We have now the entrezgene IDs for datasets 1, 2, 4, 5, 6, 7 and 8. Only dataset 3 has to be mapped to entrezgene IDs. 

In [9]:
# entrezegene IDs from hgnc symbols
ensembl <- useMart("ensembl", dataset = "hsapiens_gene_ensembl")
mygenes <- data3

my.genes1 <- getBM(
  attributes = c('entrezgene', 'hgnc_symbol'), 
  filters = 'hgnc_symbol',
  values = mygenes,
  mart = ensembl
)

data3 <- data3 %>% left_join(my.genes1, by = "hgnc_symbol")

head(data3)

"Column `hgnc_symbol` joining factor and character vector, coercing into character vector"
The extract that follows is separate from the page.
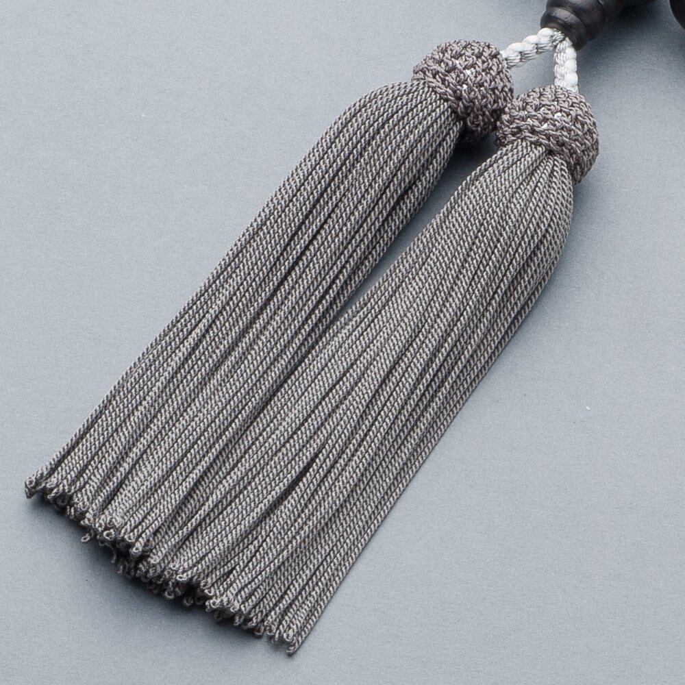 珠の素材:縞黒檀(艶消)22玉/主珠…縞黒檀(艶消)13mm玉/親珠…縞黒檀(艶消)18mm玉/天珠…茶水晶9mm玉/房の素材:正絹頭付房(ねず茶色)/備考:高級ファスナー式数珠袋付き(縦7.5cm×横17.5cm)

hgnc_symbol,logFC_MUO,PValue_MUO,entrezgene
PLA2G7,3.6562151,7.99e-12,7941
ETFA,-0.6770891,4.31e-11,2108
LYZ,2.3115932,5.25e-11,4069
ALPK3,-2.3067365,5.93e-11,57538
HLA-DMB,0.6703927,1.07e-10,3109
ARRB2,1.30113,1.3e-10,409


Save these files so we have access to our cleaned data files.

In [23]:
# save files
write.table(data1, file.path(getwd(),"Datasets", "Clean", "breast-cancer_stats_clean.txt"), row.names = F, sep = "\t", quote = F)
write.table(data2, file.path(getwd(),"Datasets", "Clean", "lung-cancer-stats_clean.txt"), row.names = F, sep = "\t", quote = F)
write.table(data3, file.path(getwd(),"Datasets", "Clean", "MUO-Lean_stats_clean.txt"), row.names = F, sep = "\t", quote = F)
write.table(data4, file.path(getwd(),"Datasets", "Clean", "RA-control_GSE55235_stats_clean.txt"), row.names = F, sep = "\t", quote = F)
write.table(data5, file.path(getwd(),"Datasets", "Clean", "RETT-control_FC_stats_clean.txt"), row.names = F, sep = "\t", quote = F)
write.table(data6, file.path(getwd(),"Datasets", "Clean", "RETT-control_TC_stats_clean.txt"), row.names = F, sep = "\t", quote = F)
write.table(data7, file.path(getwd(),"Datasets", "Clean", "SLE_stats_clean.txt"), row.names = F, sep = "\t", quote = F)

We now have cleaned our gene expression data files. In the next jupyter notebook, which can be found in this repository, we are going to merge these data files, so only have one file for all our gene expression data.